The reason for both issues of the simple extension exists in the differences between implicit and explicit synchronizations. Implicit synchronizations exist everywhere, hence the explosion of the number of created loops; implicit synchronizations can be thread-dependent, hence the second issue.

To accommodate these properties of implicit synchronizations, it is important to have a scheme to identify critical implicit synchronizations and generate code maintaining their semantics without introducing too much overhead.

A systematic dependence analysis is important for meeting both conditions. Traditional dependence analysis offers many insights, but are not directly applicable as they consider no relations between data dependence across SIMD thread groups and the semantics and properties of implicit synchronizations. We next present a systematic analysis of the relations, and then describe several derived solutions to the implicit synchronization problem.

#### V. RELATIONS WITH DEPENDENCE

This section examines the relations between various dependencies and the correctness in compiling implicit synchronizations. The reveal of these relations lays the foundation for identifying and appropriately treating critical implicit synchronizations.

For simplicity of explanation, our discussion in this part concentrates on a segment of kernel code C that contains no explicit synchronizations. Explicit synchronizations are already handled by the basic SPMD-translation. Because implicit synchronizations only apply to threads within a warp, we will restrict our discussion to the execution of C by a warp.



rpn(A)=0; rpn(B)=1; rpn(C)=2; rpn(D)=3; rpn(E)=4; rpn(F)=5

Fig. 4. Examples for the reverse postorder (rpn) of basic blocks and the sequence numbers (enclosed by "[]") of instructions.

Our strategy for dependence analysis is to first use the default (problematic) SPMD-translation scheme, as described in Section II, to derive a serial loop L from C, and then conduct dependence analysis on L. This strategy circumvents the complexities in dealing with the multithreading behaviors in the original GPU code C.

From Section II, we know that L essentially takes C as its loop body and adds a surrounding loop for iterating through threads. (This loop is called a *thread loop*.) With only one warp considered, the loop index values span from 0 to warpSize - 1. All appearances of thread id in C are replaced with the loop index variable.

We say that L is correct if its executions on a CPU always produce the same results as the corresponding GPU executions of C do.
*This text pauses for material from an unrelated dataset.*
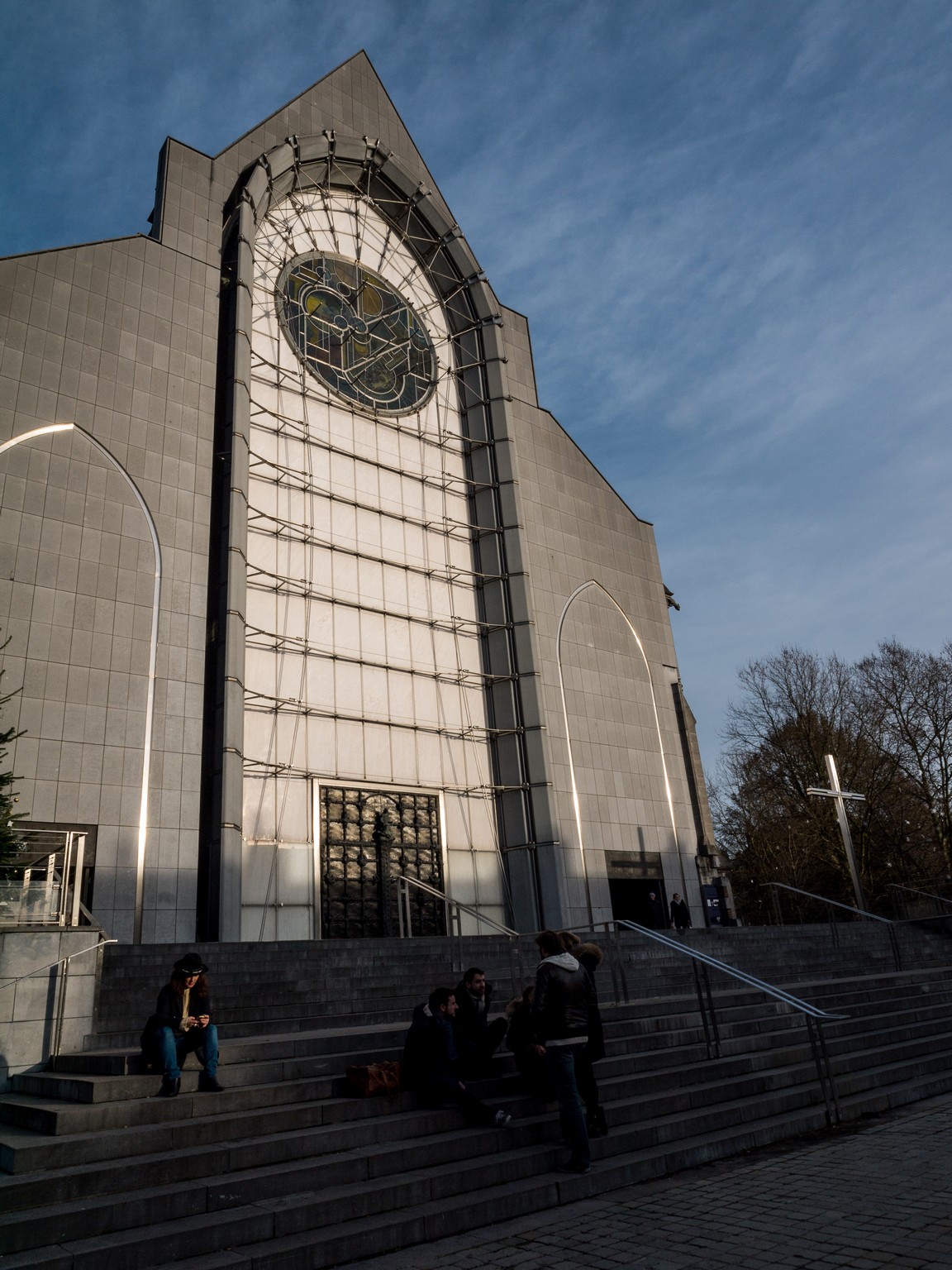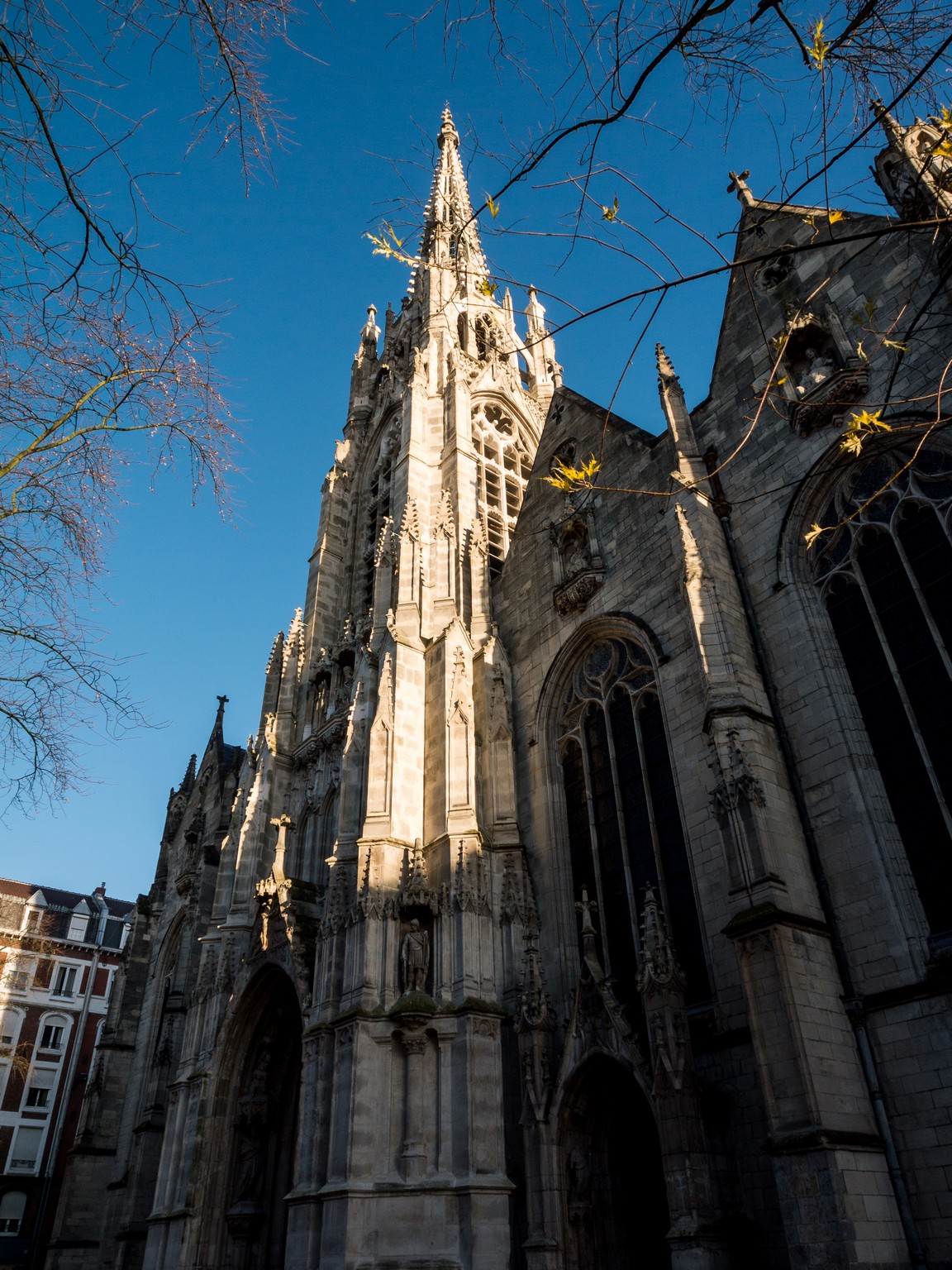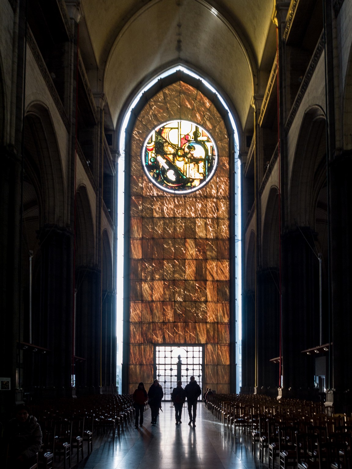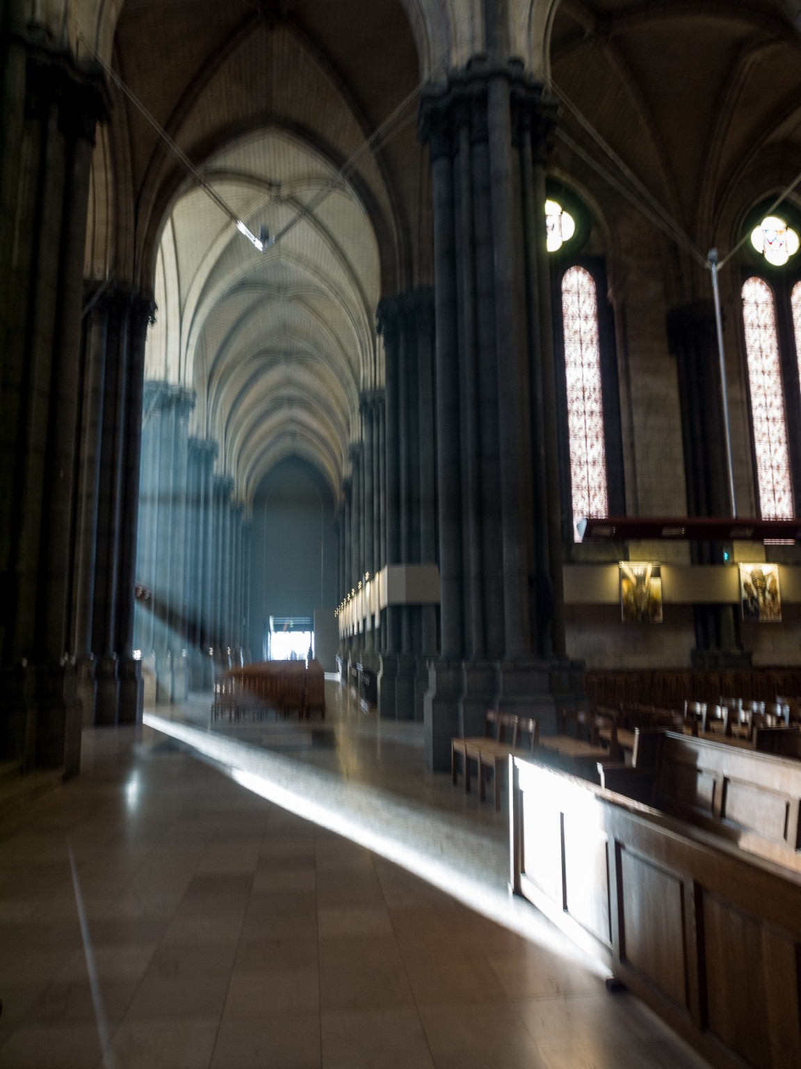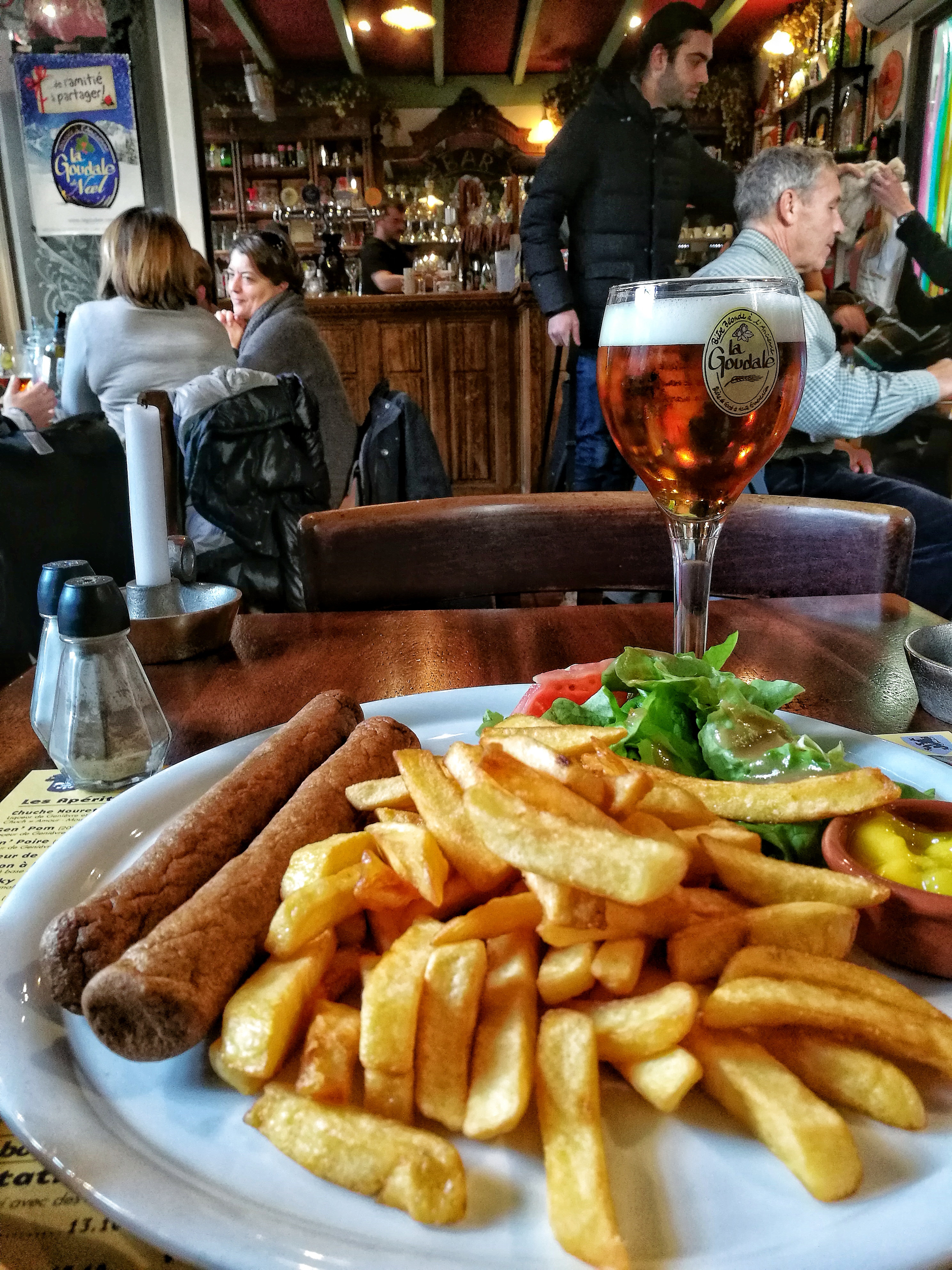 Et le quartier aux alentours de la Cathédrale Notre-Dame de la Treille est particulièrement mignon. Je ne serai pas surprise d’apprendre que c’est en effet la partie la plus ancienne de la ville ! Comme c’est l’heure de manger, je me décide à entrer dans un estaminet, Au Vieux de la Vieille. Séduite par la façade et sa jolie terrasse, et l’intérieur qui a l’air fort douillet, je vais donc devoir patienter pour avoir une table car le lieu est TRES fréquenté, même en fin de service de l’heure du déjeuner. Enfin, après une vingtaine de minutes de patience, je prends place sur une banquette, sous les poutres en bois sombres décorées de houblon. Au menu ? Une dizaine de plats typiques du Nord : Tarte au boudin noir, carbonnades flamandes, poulet au maroilles ou encore potjevleesch. Quand à moi, je me décide sur une fricandelle servie avec des frites et du piccalilli. La fricandelle est encore un truc que nous partageons entre le Nord de la France et la Belgique. Cette drôle de saucisse pannée et frite à la composition dont on ne sait rien est un grand classique de la friterie. C’est aussi un bon truc bien gras et accompagnée d’une bière brassée pour le restaurant. C’est donc parfaitement repue que je vais entamer ma dernière visite du jour : la cathédrale Notre Dame de la Treille. Une cathédrale qui en aura mis du temps à être achevée ! En effet, sa construction a commencé en 1854 mais s’est terminée… en 1999, comme l’atteste la façade tout à fait contemporaine (en fait au début, j’avais cru qu’elle avait peut-être été bombardée pendant une des guerres mais non). Et par chance, je visite à la bonne heure… le soleil est pile dans les bons angles des fenêtres et les rayons qui filtrent illuminent l’intérieur de la cathédrale comme des spots. Un régal pour les yeux !

Because L neglects all implicit synchronizations in C, instructions may be executed in an order different from the GPU execution of C, hence causing errors. Apparently, if there are no data dependences in L, there is no need to observe the implicit synchronizations: All execution orders produce the same results. Data dependences are the key factor for analysis.

Considering the properties of GPU executions, we introduce the following terms and notations (mostly derived from traditional terminology) to be used in our proposed dependence analysis.

#### Terms and Notations:

• Reverse Postorder of Basic Blocks in L. Following the traditional compiler terminology, we use postorder to refer to the order that basic blocks are last visited in a depth-first search on the control flow graph of L. A reverse postorder is simply the reverse of a postorder. For SPMD-translation, however, we add the constraint that when the possible order of two blocks is not unique (e.g., sibling branches), the leftmost block has the precedence. (Without loss of generality, it is assumed that the CUDA compiler ensures that code block layout follows such a left-to-right order.) This constraint is useful for dependence analysis because, the order in which a GPU thread warp traverses basic blocks is consistent with this reverse postorder due to their SIMD execution mode. Roughly speaking, reverse postorder is a top-down order

on a control flow graph but with branches and back-edges appropriately handled. We use rpn(B) to represent the reverse postorder number of a basic block *B*. Figure 4 shows an example.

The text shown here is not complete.